• ASSIGNED TASK
Write out the whole listing exactly; no images belong in it.
╭─ DATA EXTRACT
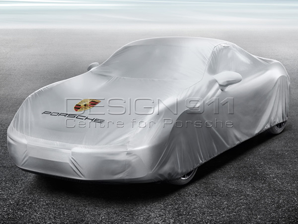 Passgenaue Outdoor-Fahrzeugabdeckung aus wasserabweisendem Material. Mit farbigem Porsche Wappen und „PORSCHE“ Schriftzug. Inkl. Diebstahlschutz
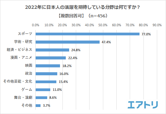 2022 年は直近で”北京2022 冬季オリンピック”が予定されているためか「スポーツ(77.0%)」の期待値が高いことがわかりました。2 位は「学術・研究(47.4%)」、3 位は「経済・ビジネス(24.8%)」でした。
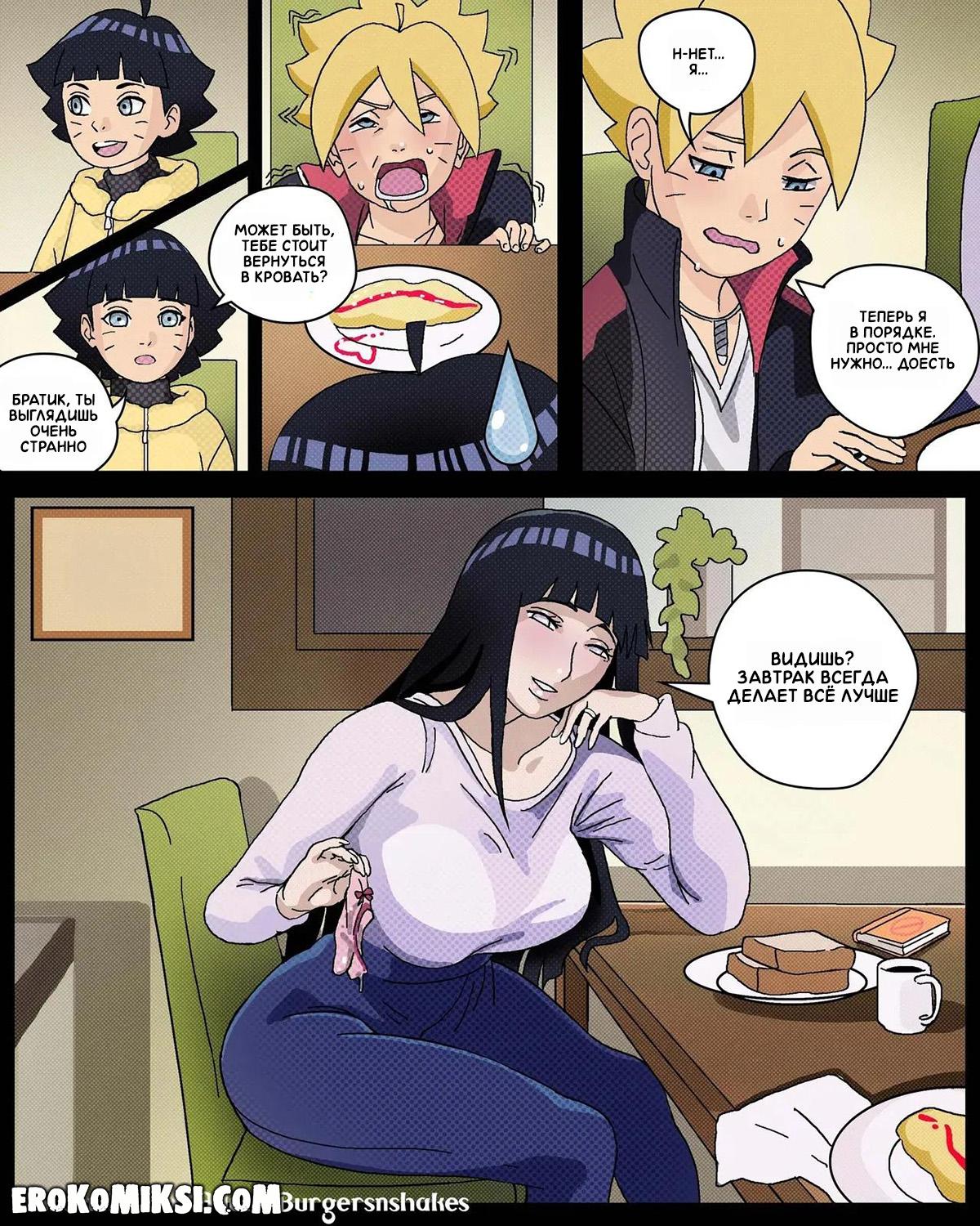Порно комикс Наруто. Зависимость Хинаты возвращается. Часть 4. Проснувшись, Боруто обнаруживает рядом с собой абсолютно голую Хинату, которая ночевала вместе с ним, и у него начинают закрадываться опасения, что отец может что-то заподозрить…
╰─
• COMPLETED TASK
 Passgenaue Outdoor-Fahrzeugabdeckung aus wasserabweisendem Material. Mit farbigem Porsche Wappen und „PORSCHE“ Schriftzug. Inkl. Diebstahlschutz
 2022 年は直近で”北京2022 冬季オリンピック”が予定されているためか「スポーツ(77.0%)」の期待値が高いことがわかりました。2 位は「学術・研究(47.4%)」、3 位は「経済・ビジネス(24.8%)」でした。
Порно комикс Наруто. Зависимость Хинаты возвращается. Часть 4. Проснувшись, Боруто обнаруживает рядом с собой абсолютно голую Хинату, которая ночевала вместе с ним, и у него начинают закрадываться опасения, что отец может что-то заподозрить…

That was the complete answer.